------ INFORMATION SHOWN

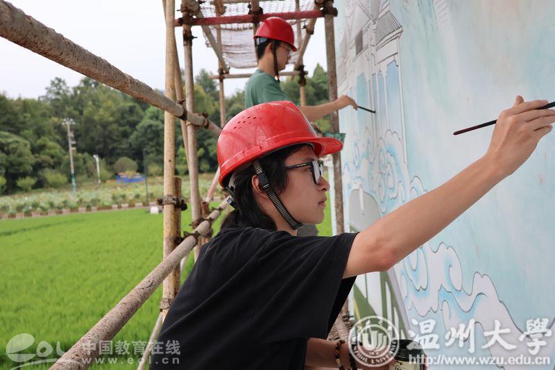 中国教育在线浙江站讯(编辑 白菁洁)“这次回家探亲,发现我们村里环境又有了新提升,变得更干净整洁了,老百姓家中的好几面墙还多了巨幅壁画作品,变得更有韵味了。”近日,浙江省温州市鹿城区山福镇驿头驿阳村在外上班的程志勇周末回家,欣喜地和亲友们分享。他指着家门口干净清爽的村道、依次排列的垃圾桶和墙上画的系列瓯江山水主题壁画,兴奋地说:“这才是我心目中美丽乡村该有的样子!”
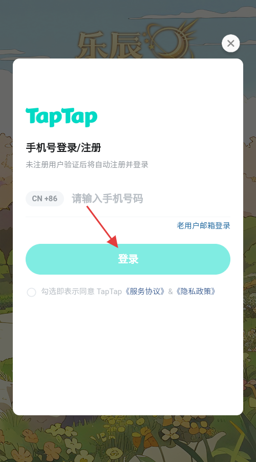 3、在【TapTap手机号登录/注册】界面,输入手机号码,勾选同意协议后,点击【登录】完成注册登录流程。
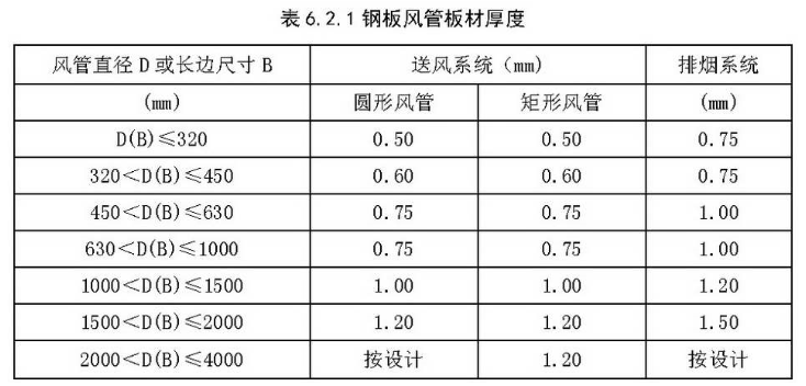 风管板材的厚度以满足系统的功能需要为前提的,本条从保证风管质量的角度出发,对常用的钢板风管的最低厚度进行了规定;在一些场所需要采用特殊要求的风管,则应根据设计的要求选择达到相应耐火极限。风管的材质、厚度、耐火性能等应与国家市场准入要求的文件内容一致。
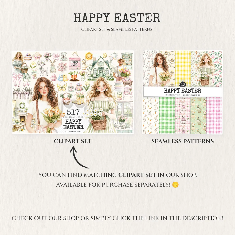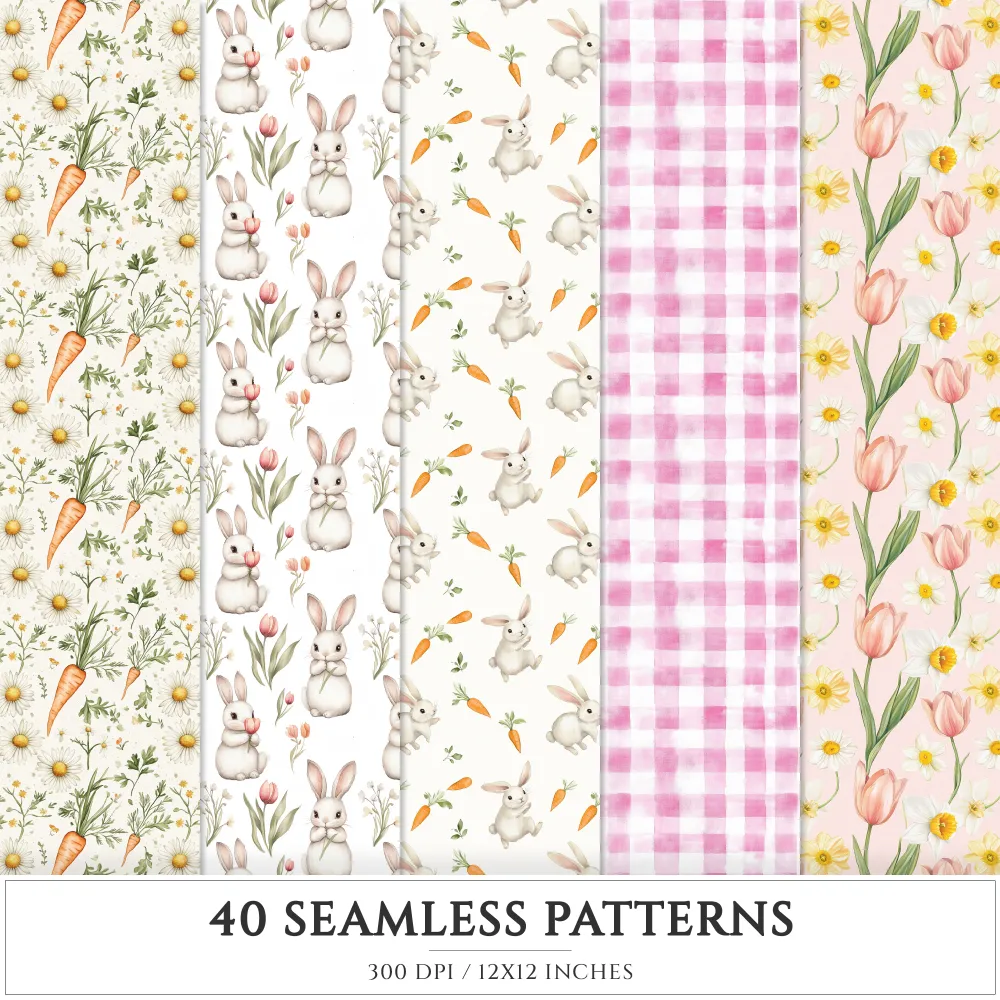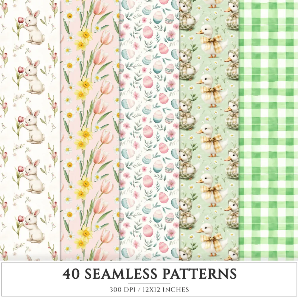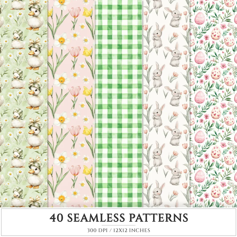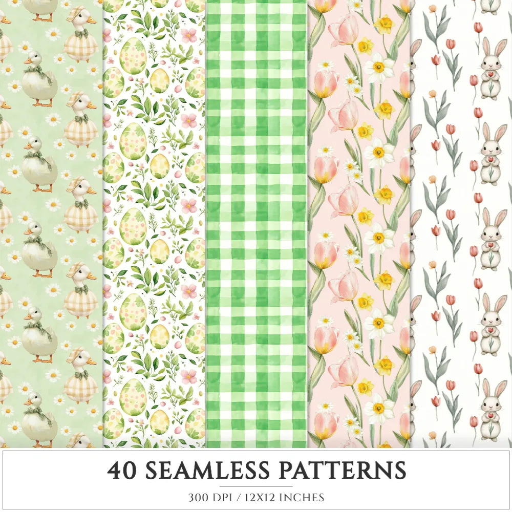 Happy Easter Seamless Patterns, Cozy floral easter JPEG, Checkered plaid pattern, Easter bunnies repeating pattern, Digital scrapbook paper

------------

REQUIRED WORK - Leaving the pictures aside, write out only the lines from the one containing "3、在【TapTap手机号登" through the end of the material, exactly as they stand.

SOLUTION -
 3、在【TapTap手机号登录/注册】界面,输入手机号码,勾选同意协议后,点击【登录】完成注册登录流程。
 风管板材的厚度以满足系统的功能需要为前提的,本条从保证风管质量的角度出发,对常用的钢板风管的最低厚度进行了规定;在一些场所需要采用特殊要求的风管,则应根据设计的要求选择达到相应耐火极限。风管的材质、厚度、耐火性能等应与国家市场准入要求的文件内容一致。
 Happy Easter Seamless Patterns, Cozy floral easter JPEG, Checkered plaid pattern, Easter bunnies repeating pattern, Digital scrapbook paper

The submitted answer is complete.